2 small acorn squash, halved and seeded

2 tablespoons olive oil

Salt and freshly ground black pepper, to taste

1 1/4 cups water

2 cloves garlic, minced

1 small lemon, zested and juiced

1/2 cup quinoa, rinsed and drained

1/4 cup chopped parsley

2 tablespoons chopped chives

1/3 cup crumbled feta cheese

1/3 cup roasted and salted pistachios, coarsely chopped

Instructions

  1. Preheat oven to 400°F (200°C) and line a baking sheet with parchment paper.
  2. Brush squash halves with olive oil, season with salt and pepper, and place cut side down on the baking sheet. Roast for 30–35 minutes until tender and caramelized.
  3. In a medium saucepan, bring water to a boil. Stir in quinoa, reduce heat to low, cover, and simmer for 15 minutes or until water is absorbed. Fluff with a fork.
  4. Stir garlic, lemon juice, lemon zest, parsley, and chives into the warm quinoa.
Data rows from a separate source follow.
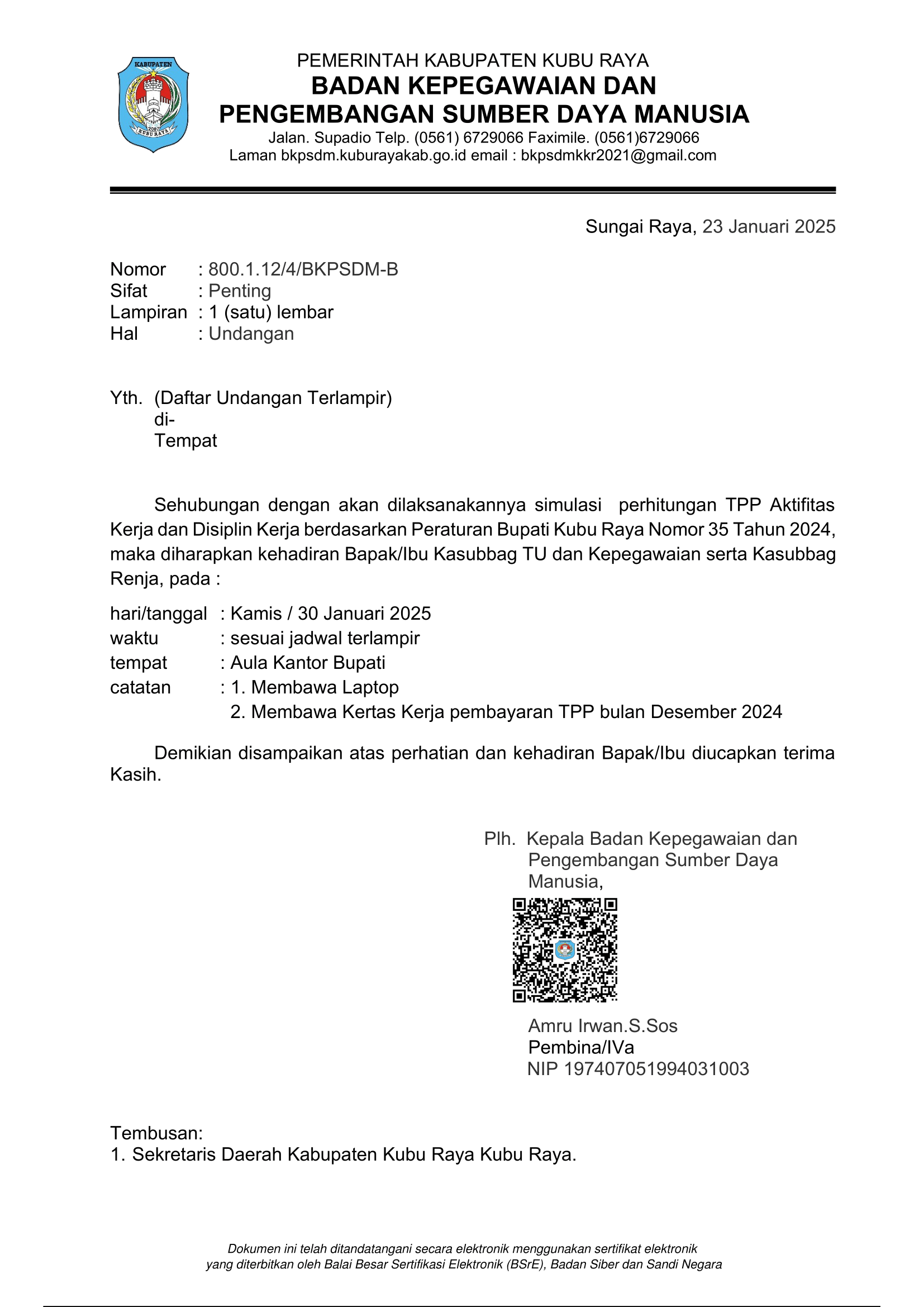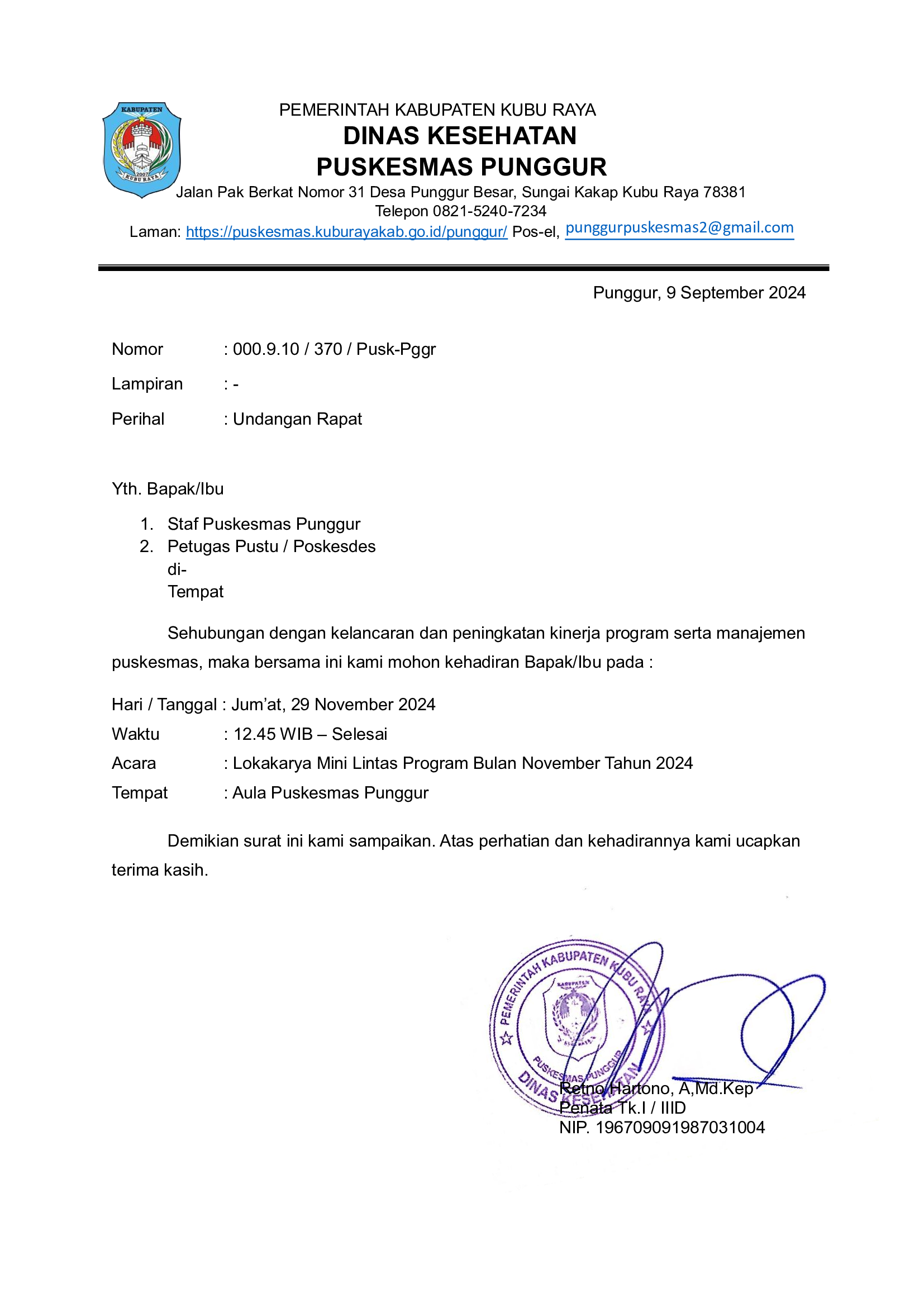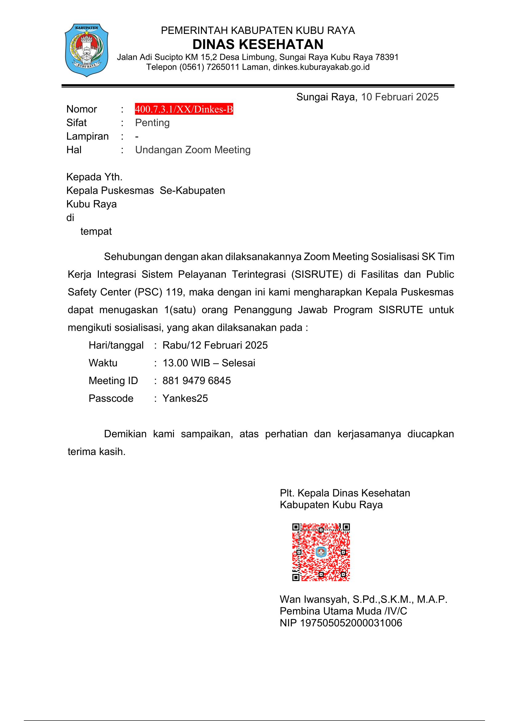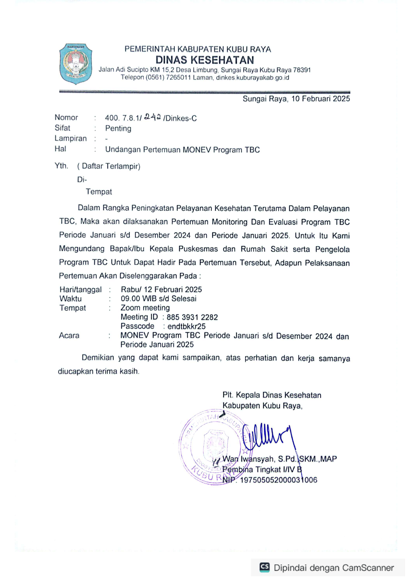 Undangan Pertemuan Monev Program TBC
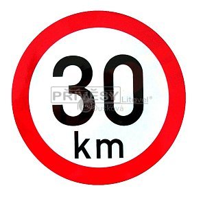 Samolepka průměr 200 mm s označením nejvyšší povolené rychlosti 30 km/h v provedení z retroreflexní fólie třídy 1 dle ČSN EN 12899-1, odpovídající platnému znění vyhlášky 341/2014 Sb. Tam, kde není možné umístit označení nejvyší povolené rychlosti o průměru 200 mm, je nutné umístit označení o průměru 150 mm. Výňatek z vyhlášky 341/2014 Sb. (Příloha 12, odstavec H))
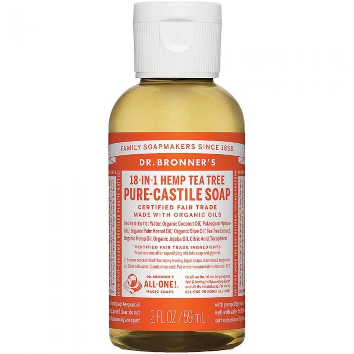 Dr. Bronner’s Tea Tree Castile Liquid Soap is made with pure organic tea tree oil and is also certified Fair Trade. Packaged in 100% post-consumer recycled (PCR) plastic bottles.
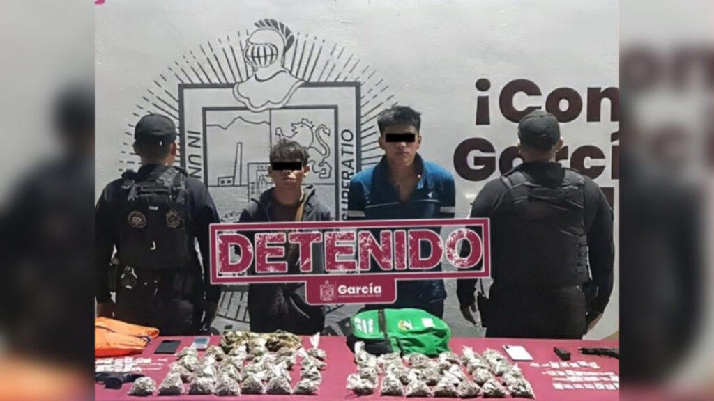 García, N.L. — En un operativo de vigilancia estratégica, elementos de la Policía de García lograron la captura de dos presuntos integrantes de un grupo delictivo que opera en la región, quienes estarían vinculados con hechos violentos recientes. Los detenidos, identificados como Pedro Damián “N”, de 20 años, y Axiel “N”, de 17, fueron interceptados en el sector de Paraje San José luego de que las autoridades detectaran una actitud sospechosa. De acuerdo con las primeras investigaciones, ambos sujetos podrían tener relación directa con un homicidio ocurrido recientemente en esta zona de la ciudad.
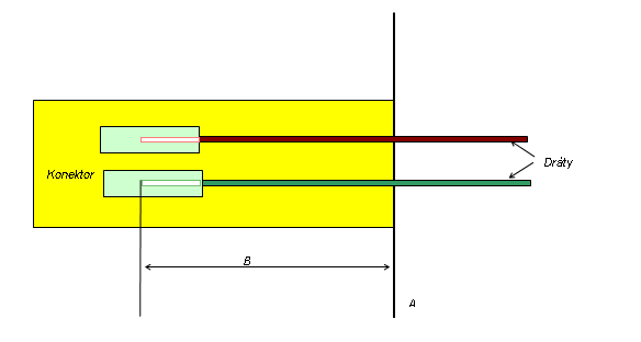 B: Vzdálenost mezi rovinou A a bodem, kde končí vložený drát. U konektoru s různými velikostmi dutin by se B mohlo lišit pro jednotlivé vložené dráty v závislosti na hloubce dutiny. V tomto příkladě by B mohlo být rovno B1 nebo B2.
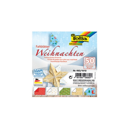 folia Feuilles de papier pour pliage “Noel”, 100 x 100 mm 80 g/m2, 50 feuilles, 5 motifs de Noel différents, face arrière imprimée unie (493/1010)
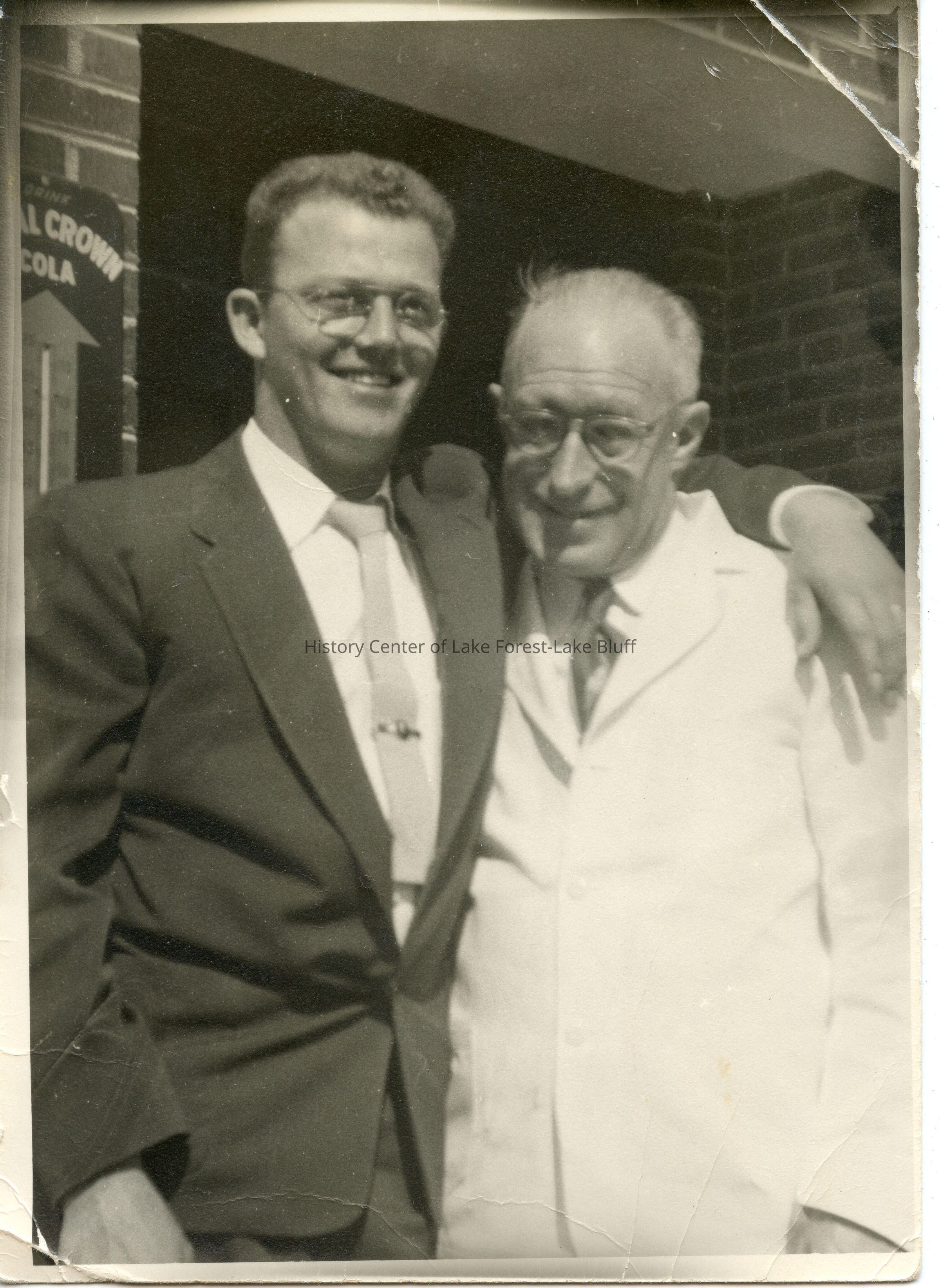 Black and white photograph. 5"x7". Robert A. Knigge on left in suit and tie. Earl J. Greene on right in long white coat. Standing in front of a brick building. Thermometer advertising Royal Crown Cola visible on wall. Robert A. Knigge was married to Kathryn Greene, Earl's daughter.
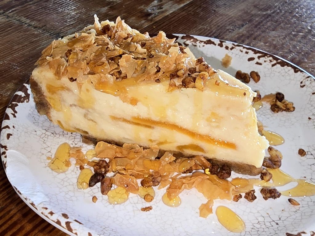 Cheli and I are totally enthralled with the Baklava Peach Cheesecake! Cheesecake, peaches, graham cracker crust, if that’s not wonderful enough, topped with baklava crumbles and Lady May Honey! I later found out that had served this at Taste of Ocean Springs the week before, when I was for-going desserts and I was sick that I had missed it! When I say fabulous, fabulous, fabulous, I certainly mean it!
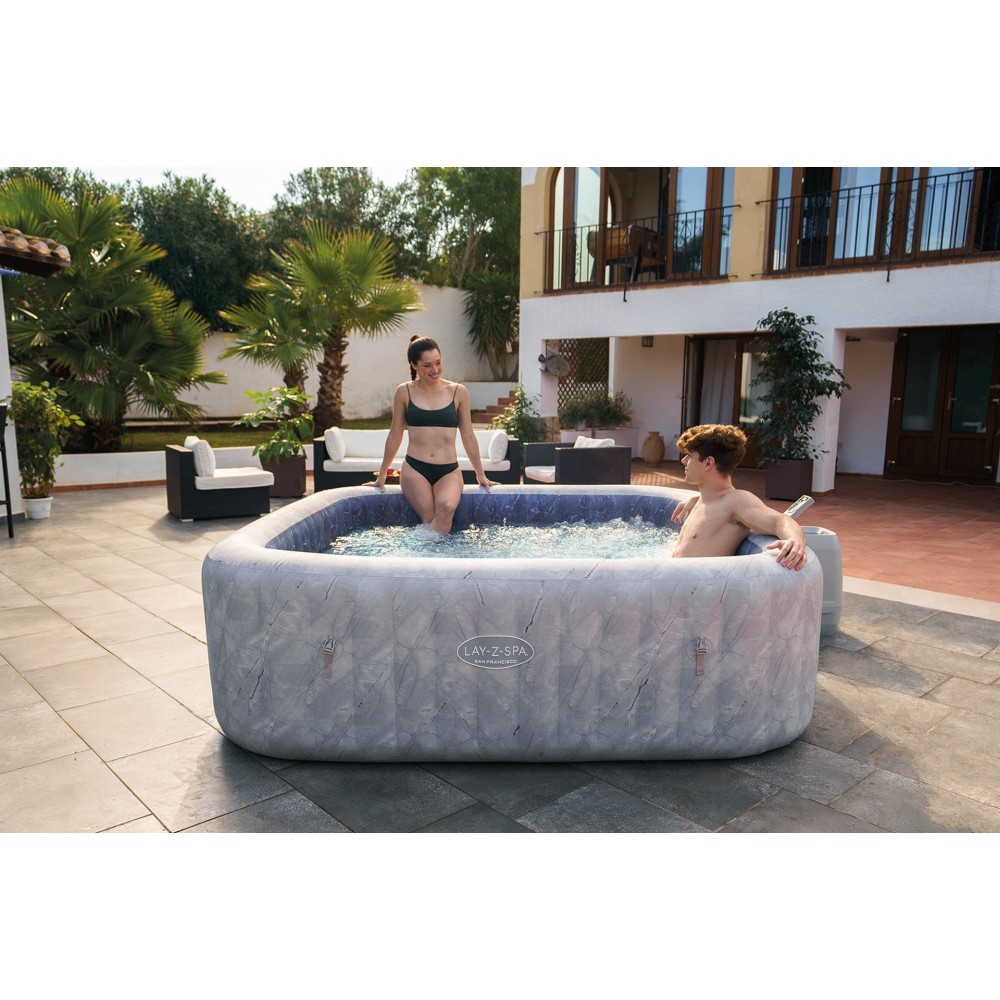 BESTWAY Lay-Z-Spa San Francisco HydroJet Pro™ 6001Q to luksusowe dmuchane jacuzzi do ogrodu lub na taras, oferujące wydajny system HydroJet™, energooszczędną pracę i stylowy design. Idealne do relaksu i wellness z rodziną i przyjaciółmi przez cały rok.
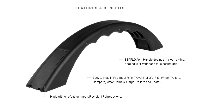 Uchwyt łukowy SEAFLO zaprojektowany w czystej stylistyce, dopasowany do dłoni, zapewniający pewny chwyt. Łatwy w instalacji – pasuje do większości kamperów, przyczep turystycznych, przyczep siodłowych, kamperów, samochodów kempingowych, przyczep towarowych i łodzi.
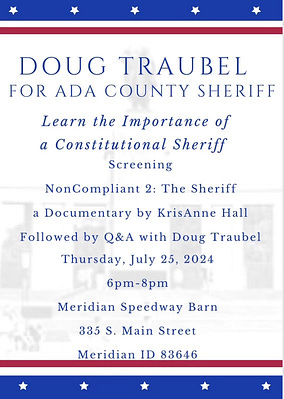 ⭐⭐⭐ ADA COUNTY SHERIFF RACE ~ Movie Screening + Q&A with Doug Traubel ~ 07/25/24 ~ 6-8pm ~ Meridian Speedway ⭐⭐⭐
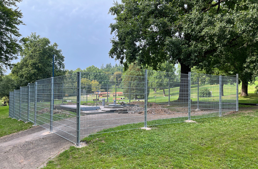 Im Kurpark, unterhalb der Minigolfanlage, befindet sich die sogenannte „Brunnenstube“ der Thermalbohrung. Der Bereich rund um die Förderstelle ist von besonderer Bedeutung für die Sicherheit und Qualität der Wasserversorgung – er muss daher zuverlässig vor Betreten und vor jeglicher Verunreinigung geschützt werden.
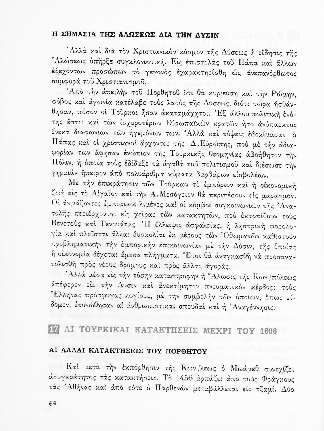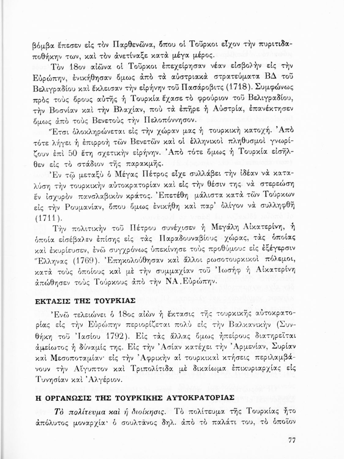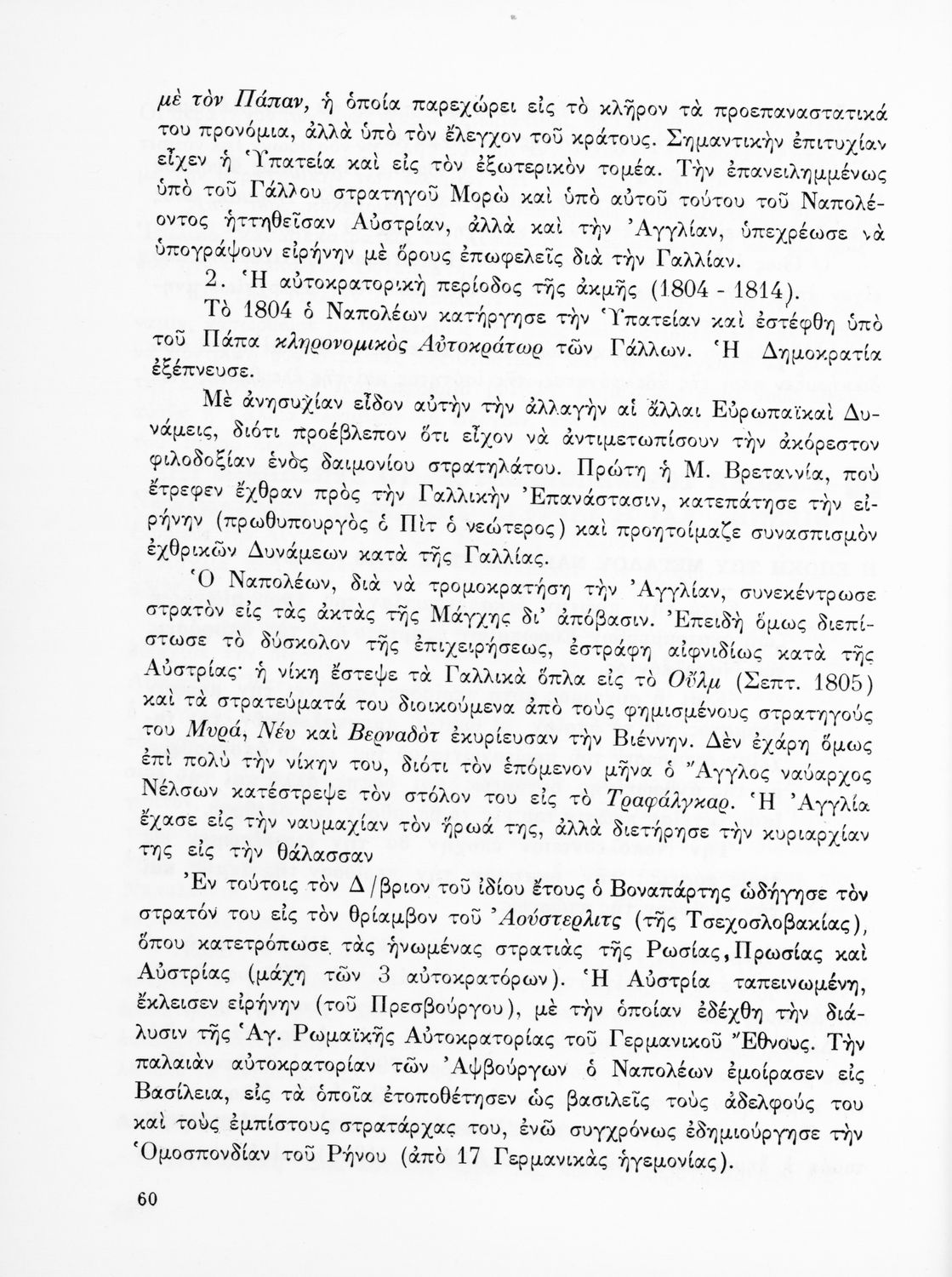Σχολικό εγχειρίδιο Ιστορίας Γ΄ Γυμνασίου που καλύπτει την περίοδο της Αναγέννησης και του Διαφωτισμού στην Ευρώπη και την προετοιμασία της Ελληνικής Επανάστασης. Συνοπτικά αναφέρεται στο διάστημα από τη βασίλεια του 'Όθωνα ως τους δύο Παγκόσμιους Πολέμους και τον Ψυχρό Πόλεμο. Παρουσιάζει και την πνευματική κίνηση κατά τον 19ο και 20ο αιώνα. Φέρει το σύμβολο της δικτατορίας.

Season with salt and pepper.
  5. Fold in feta cheese and pistachios gently.
  6. Flip roasted squash halves upright and fill each cavity with the quinoa mixture.
  7. Serve warm, garnished with extra herbs if desired.

Notes

Swap pistachios with walnuts, pecans, or almonds for variation.

Goat cheese can replace feta for a creamier, tangier option.

Add dried cranberries or pomegranate seeds for sweetness.

Mix in spinach or kale for extra nutrition.

Drizzle with balsamic glaze for depth and balance.

Best reheated in the oven for texture.